Changes from v1 to v2:
Patch1: Remove "-p" option.

Details as described below.

Problem
-------
Recently, according to increase large memory systems, possibility of
failures which come from memory crash are also increasing.
Regarding this, Linux has a hwpoison feature and this can isolate
uncorrectable error in memory which are reported as SRAO machine check.

However, when a user gets a core dump file using kdump, dump kernel
does not know which memory has uncorrectable error(SRAO) and
dump kernel touches memory which has uncorrectable error.
As a result, a fatal machine check occurs and a user fails to get vmcore.

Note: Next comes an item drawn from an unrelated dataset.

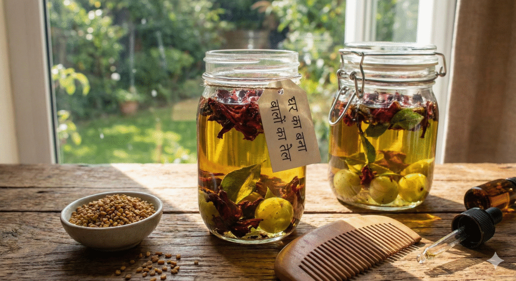 • अपने हेयर ऑयल में 3–4 बूंदें मिला लें

This problem was previously discussed in the kexec community, with a
proposal to Slimdump framework (refer: mail threads pertaining to
http://lists.infradead.org/pipermail/kexec/2011-October/005586.html).

Solution
--------
As Vivek mentioned in the above threads, "makedumpfile" has a
filtering function and this can exclude some types of pages,
like zero page, free page, user data, etc, without saving the whole dump.
This function checks "pageflags" of struct page arrays and if
target page has a flag which is specified the "makedumpfile" option,
the page is excluded.
Using this function, "makedumpfile" can exclude poisoned pages which
has PG_hwpoison flag.

These patches introduce a function into "makedumpfile" to
exclude hwpoison page from vmcore.


Test Results
------------
These patches are tested on 3.6.0-rc6 kernel and makedumpfile-1.5.0
using software pseudo MCE injection from KVM host to guest.


**** Host OS Screen logs(SRAO Machine Check injection)
Inject software pseudo MCE into guest qemu process.

(1) Load mce-inject module
# modprobe mce-inject

(2) Find a PID of target qemu-kvm and page struct
# ps -C qemu-kvm -o pid=
3612
9392

(3) Edit software pseudo MCE data
Choose a offset of page struct and insert the offset to ADDR line in mce-file.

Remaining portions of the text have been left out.